• WORK TO COMPLETE: Your copy should hold only the lines from the one with "ПАЗ-32053, Панель приборов" to the one with "Kan der gennemføres", both included, each exactly as it stands below, with no pictures.

• DATASET RECORDS:

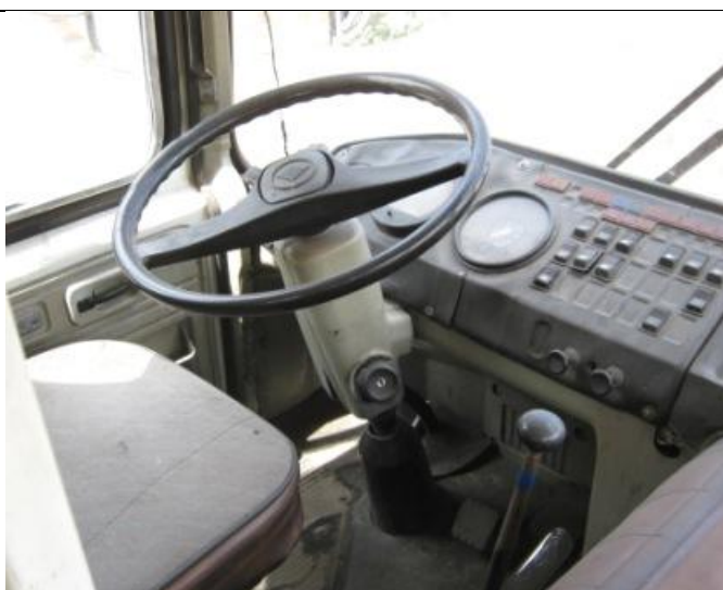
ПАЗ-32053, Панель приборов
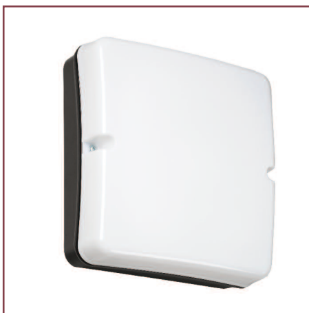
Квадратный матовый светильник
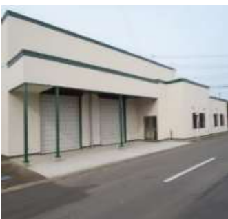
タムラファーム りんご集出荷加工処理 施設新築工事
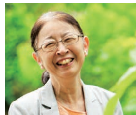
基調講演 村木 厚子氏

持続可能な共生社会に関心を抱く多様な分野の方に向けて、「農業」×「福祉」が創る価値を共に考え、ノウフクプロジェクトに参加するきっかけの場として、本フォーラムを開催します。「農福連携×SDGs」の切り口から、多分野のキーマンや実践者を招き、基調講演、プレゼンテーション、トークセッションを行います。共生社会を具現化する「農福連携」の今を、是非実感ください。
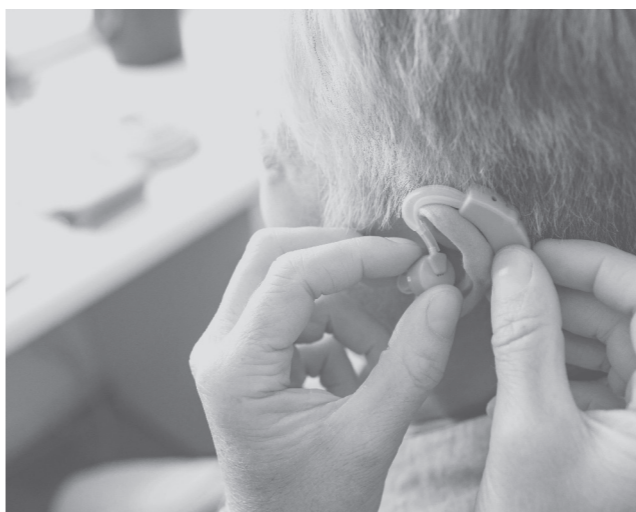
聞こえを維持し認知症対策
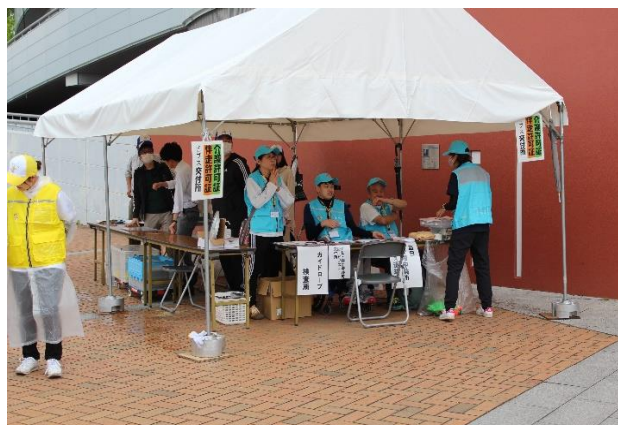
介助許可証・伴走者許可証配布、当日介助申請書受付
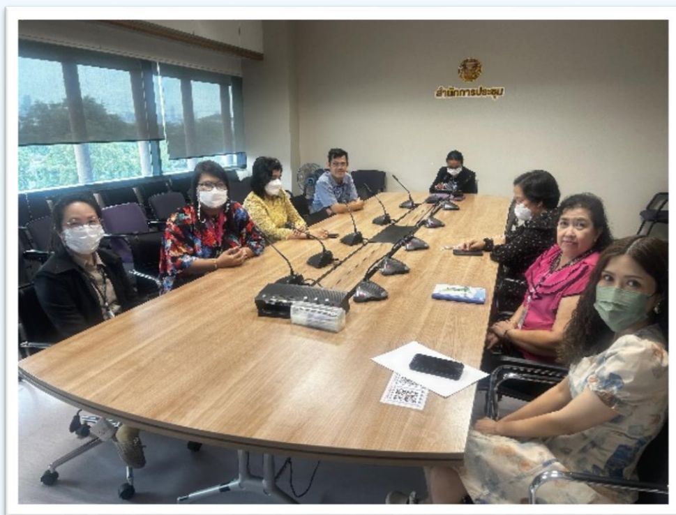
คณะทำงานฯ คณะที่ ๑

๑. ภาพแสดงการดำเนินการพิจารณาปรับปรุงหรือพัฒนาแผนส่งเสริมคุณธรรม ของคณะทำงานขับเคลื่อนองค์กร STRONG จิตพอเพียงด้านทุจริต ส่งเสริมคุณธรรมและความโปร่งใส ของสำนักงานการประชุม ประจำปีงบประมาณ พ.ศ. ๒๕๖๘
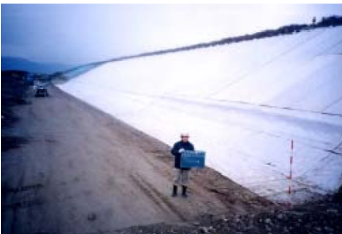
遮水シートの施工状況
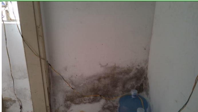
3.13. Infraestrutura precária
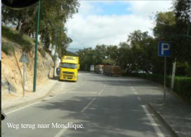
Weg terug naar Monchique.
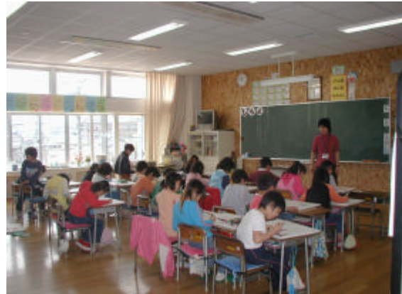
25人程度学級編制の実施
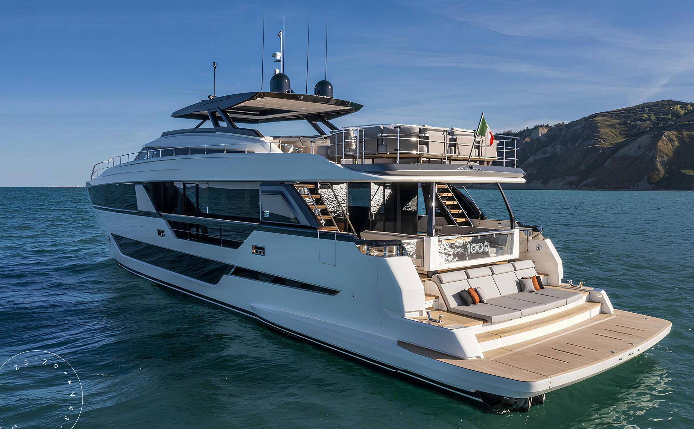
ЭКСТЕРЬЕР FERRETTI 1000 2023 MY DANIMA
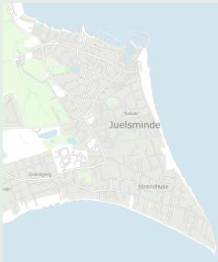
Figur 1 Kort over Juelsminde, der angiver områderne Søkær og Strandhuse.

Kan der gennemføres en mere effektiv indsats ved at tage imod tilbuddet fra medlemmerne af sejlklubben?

==

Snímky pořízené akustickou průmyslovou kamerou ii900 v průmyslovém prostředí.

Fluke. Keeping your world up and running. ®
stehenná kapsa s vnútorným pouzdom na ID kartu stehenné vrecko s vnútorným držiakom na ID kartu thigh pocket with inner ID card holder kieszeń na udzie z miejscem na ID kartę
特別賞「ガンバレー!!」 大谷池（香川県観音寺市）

---

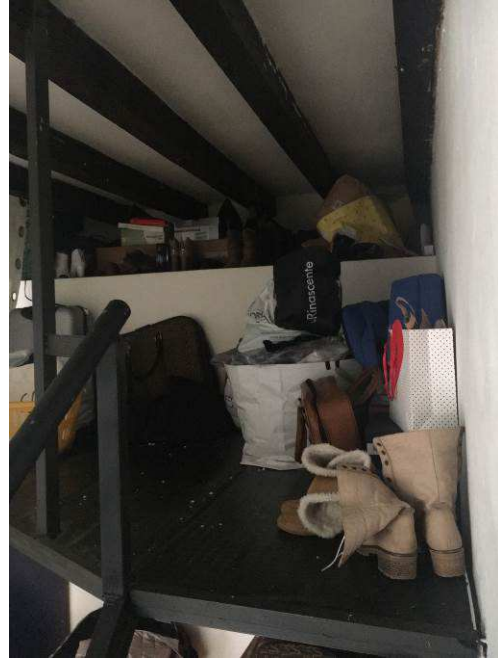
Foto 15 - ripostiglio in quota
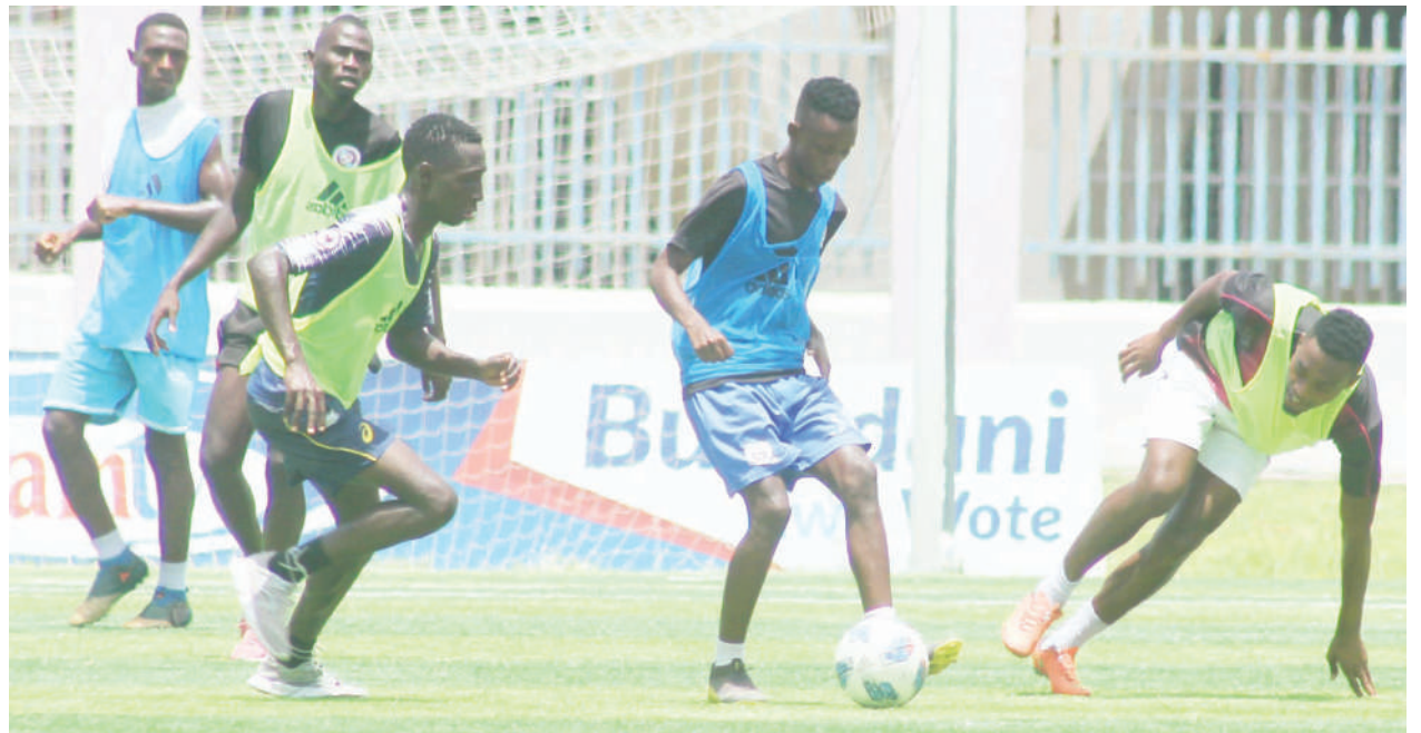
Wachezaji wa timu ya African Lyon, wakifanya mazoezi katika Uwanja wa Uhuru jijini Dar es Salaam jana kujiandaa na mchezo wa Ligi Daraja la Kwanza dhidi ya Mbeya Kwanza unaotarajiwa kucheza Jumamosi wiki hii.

• ANSWER BOX:
ПАЗ-32053, Панель приборов
Квадратный матовый светильник
タムラファーム りんご集出荷加工処理 施設新築工事
基調講演 村木 厚子氏

持続可能な共生社会に関心を抱く多様な分野の方に向けて、「農業」×「福祉」が創る価値を共に考え、ノウフクプロジェクトに参加するきっかけの場として、本フォーラムを開催します。「農福連携×SDGs」の切り口から、多分野のキーマンや実践者を招き、基調講演、プレゼンテーション、トークセッションを行います。共生社会を具現化する「農福連携」の今を、是非実感ください。
聞こえを維持し認知症対策
介助許可証・伴走者許可証配布、当日介助申請書受付
คณะทำงานฯ คณะที่ ๑

๑. ภาพแสดงการดำเนินการพิจารณาปรับปรุงหรือพัฒนาแผนส่งเสริมคุณธรรม ของคณะทำงานขับเคลื่อนองค์กร STRONG จิตพอเพียงด้านทุจริต ส่งเสริมคุณธรรมและความโปร่งใส ของสำนักงานการประชุม ประจำปีงบประมาณ พ.ศ. ๒๕๖๘
遮水シートの施工状況
3.13. Infraestrutura precária
Weg terug naar Monchique.
25人程度学級編制の実施
ЭКСТЕРЬЕР FERRETTI 1000 2023 MY DANIMA
Figur 1 Kort over Juelsminde, der angiver områderne Søkær og Strandhuse.

Kan der gennemføres en mere effektiv indsats ved at tage imod tilbuddet fra medlemmerne af sejlklubben?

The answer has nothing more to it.